The entries contain pictures, which should not appear in the copy; everything else must be reproduced exactly.

#### [DATASET RECORDS]
- Opening Delimiter -

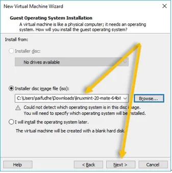 ابتدا برنامه VMware را اجرا کرده و روی گزینه های File > Virtual Machine کلیک کنید تا دستور ساخت یک ماشین مجازی ارائه شود. اگر از برنامه دیگری هم استفاده می‌کنید باید دنبال گزینه مشابهی باشید که ساخت ماشین مجازی را میسر می‌سازد. در صفحه‌ای که مشابه با عکس فوق ظاهر می‌شود گزینه Installer disk image file (iso) را انتخاب نمایید و روی گزینه Browse کلیک کرده و فایل Linux Mint که در ابتدای امر دانلود کرده بودید را انتخاب کنید. سپس روی گزینه Next کلیک کنید.
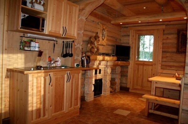 В доме есть электрическое отопление, но нет ничего прекраснее, чем запах дров и треск камина холодными зимними вечерами. К услугам отдыхающих все удобства, необходимая бытовая техника, микроволновая печь, телевизор, а также полы с подогревом и сауна на дровах. Вся мебель выполнена из экологически чистого материала — сосны.
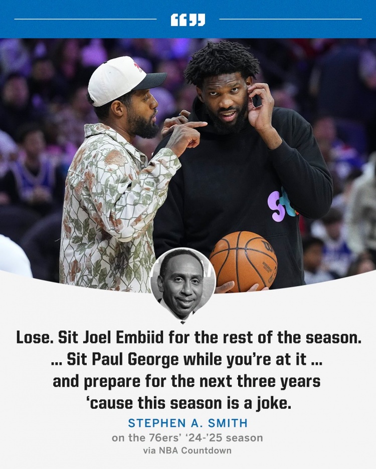 2025-02-24 16:11:00A-史密斯:恩比德&喬治都別打了 準(zhǔn)備后面3年吧 76人這季就是笑話
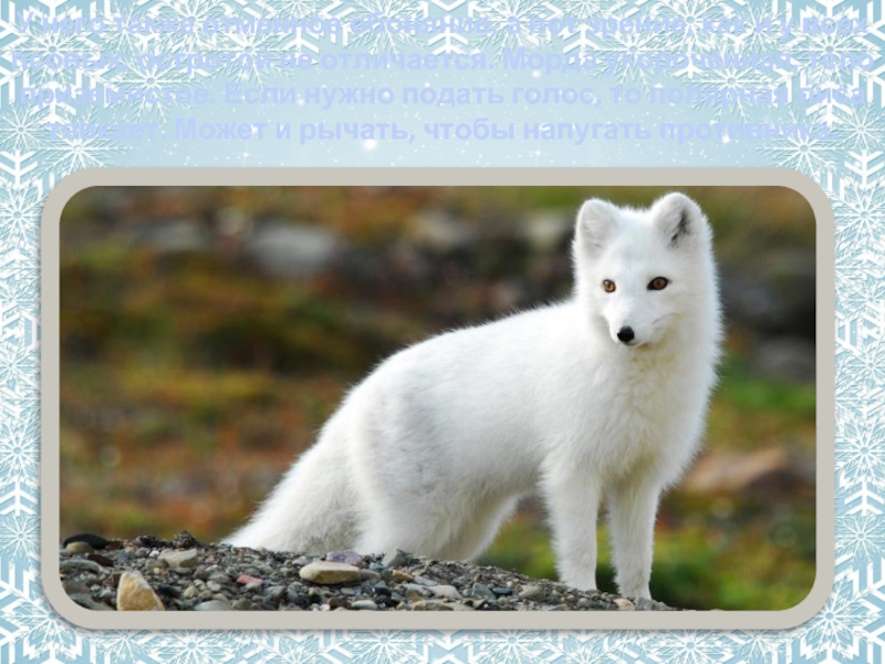 всех псовых, остротой не отличается. Морда укороченная, тело приземистое. Если нужно подать голос, то полярная лиса тявкает. Может и рычать, чтобы напугать противника.
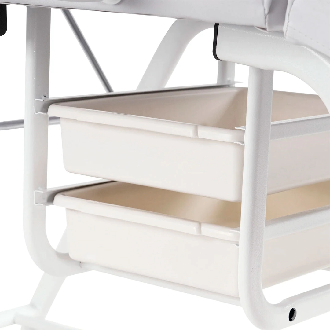Diseño humano: cojín para la cabeza extraíble con un orificio para la cara, que es conveniente para la conversión de posturas de masaje. Llena de esponja de rebote y espuma de alta densidad, y ensamblada con dos canastas de almacenamiento de alta capacidad, la cama garantiza una experiencia cómoda para el usuario desde cada pequeño detalle. Los clientes pueden disfrutar de una experiencia más completa gracias a la cama de belleza con diseño ergonómico.
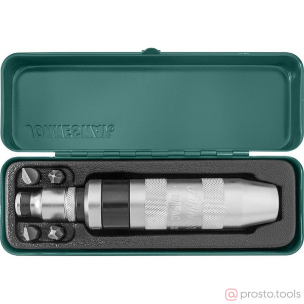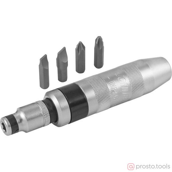 Ударно-поворотная отвертка с цельным корпусом и набором вставок-бит L-36 мм, изготовленных из стали S2. Привод отвертки изготовлен из хромомолибденовой стали. Корпус имеет матовое, хромоникелевое покрытие. Область применения Предназначены для работы с осложненными резьбовыми соединениями, для ослабления которых требуется совмещать приложенный момент с вибрационной (ударной) нагрузкой.

- Closing Delimiter -

#### [RESPONSE AREA]
 ابتدا برنامه VMware را اجرا کرده و روی گزینه های File > Virtual Machine کلیک کنید تا دستور ساخت یک ماشین مجازی ارائه شود. اگر از برنامه دیگری هم استفاده می‌کنید باید دنبال گزینه مشابهی باشید که ساخت ماشین مجازی را میسر می‌سازد. در صفحه‌ای که مشابه با عکس فوق ظاهر می‌شود گزینه Installer disk image file (iso) را انتخاب نمایید و روی گزینه Browse کلیک کرده و فایل Linux Mint که در ابتدای امر دانلود کرده بودید را انتخاب کنید. سپس روی گزینه Next کلیک کنید.
 В доме есть электрическое отопление, но нет ничего прекраснее, чем запах дров и треск камина холодными зимними вечерами. К услугам отдыхающих все удобства, необходимая бытовая техника, микроволновая печь, телевизор, а также полы с подогревом и сауна на дровах. Вся мебель выполнена из экологически чистого материала — сосны.
 2025-02-24 16:11:00A-史密斯:恩比德&喬治都別打了 準(zhǔn)備后面3年吧 76人這季就是笑話
 всех псовых, остротой не отличается. Морда укороченная, тело приземистое. Если нужно подать голос, то полярная лиса тявкает. Может и рычать, чтобы напугать противника.
Diseño humano: cojín para la cabeza extraíble con un orificio para la cara, que es conveniente para la conversión de posturas de masaje. Llena de esponja de rebote y espuma de alta densidad, y ensamblada con dos canastas de almacenamiento de alta capacidad, la cama garantiza una experiencia cómoda para el usuario desde cada pequeño detalle. Los clientes pueden disfrutar de una experiencia más completa gracias a la cama de belleza con diseño ergonómico.
 Ударно-поворотная отвертка с цельным корпусом и набором вставок-бит L-36 мм, изготовленных из стали S2. Привод отвертки изготовлен из хромомолибденовой стали. Корпус имеет матовое, хромоникелевое покрытие. Область применения Предназначены для работы с осложненными резьбовыми соединениями, для ослабления которых требуется совмещать приложенный момент с вибрационной (ударной) нагрузкой.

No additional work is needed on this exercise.